Luxury Cauliflower Cheese
adapted from Nigel Slater's Tender: v. 1: A Cook and His Vegetable Patch
serves 2 as a main dish or 4 as a side dish

a small onion, peeled
2 cloves
1 L milk
a bay leaf
50 g (about 1/4 c) butter
50 g (1/2 c) flour
4 T cream
100g (1 c) grated cheddar cheese
1 large or 2 medium cauliflowers, chopped
some Parmesan cheese, to serve

Stud the onion with the cloves. Heat the milk with the bay leaf and onion. When it reaches the boil, turn off the heat and let sit for 10 minutes.
Melt the butter in a heavy pan. Add the flour and stir until it is light golden and nutty smelling.
Add the warm milk gradually, whisking until smooth. Let it simmer for 15-20 minutes.
Meanwhile, boil the cauliflower cheese for 3-4 minutes and then drain.
Add the cream and cheese to the sauce and season well. Pour the sauce over the cauliflower.
Serve sprinkled with Parmesan cheese.

Saturday, November 7, 2009

minty hearts

Over the summer I was introduced to Assamese food with the help of my friends Pari, Sutapa, and Bipro. I'm proud to say that I ate the rice, dal, and fish curry with my fingers in the traditional way. And Sutapa showed me a food blog she reads regularly: Sunita's World. Sunita is an Assamese blogger who shares her family and food on her beautiful website. The first post I read was about Minty Babies, and I immediately added Sunita to my feed reader. These not very sweet snacks seemed perfect for me.
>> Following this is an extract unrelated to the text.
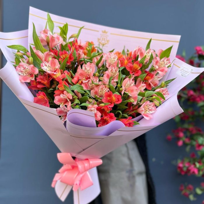 Альстромерия – 15 шт. Лента – 1 шт. Упаковка дизайнерская – 5 шт.
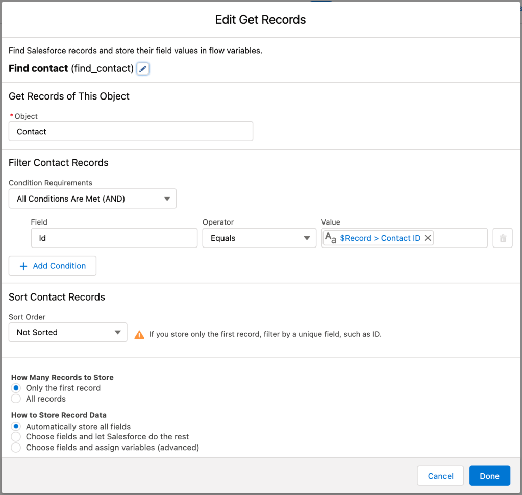 - First, in the Start node, find all users of a certain profile where a ContactId is present. This will avoid the system going through users without a contact and wasting precious, precious Salesforce juice.

I finally made a batch this week. I used my heart shaped cookie cutters to show some love to my colleagues (and Ant's). I made a few changes to the recipe and I'd recommend serving them with creme fraiche, Greek yogurt, or jam.

What caught my eye about this recipe is that it only uses whole wheat flour and no sugar, really. They are not biscuits, actually, at all, but more like minty crackers.

The mint is blitzed with plain yogurt and cashew nuts before adding to the dough and rolling out. (The tiny green post-it has my recipe scribbles so that I don't have to refer to the laptop while baking.)

Minty Hearts
adapted from Sunita's World

1/2 c mint leaves
5 T plain yogurt
3 T cashew nuts
3 T mild oil
1/4 c water
2 c whole wheat flour
1 t salt
1 t sugar
1 t cinnamon

Put the mint leaves, yogurt, nuts, oil, and water in a food processor and pulse.
Mix the flour, salt, sugar, and cinnamon in a bowl.
Add the mint mixture and form into a dough.
Roll out to about half a centimetre thickness. Cut into shapes with cookie cutters and place on baking trays. Reroll leftover dough and continue cutting hearts until all the dough is used.
Bake at 180C/350F for about 13 minutes until lightly browned.

I made a double recipe so that Ant and I could each take a bag of hearts to our colleagues. They are great dunked in tea; yum. And I'm tempted regularly by Sunita's ideas, so have a look. Apart from delicious-looking baked goods, she also write about Assam main meals in a very accessible way.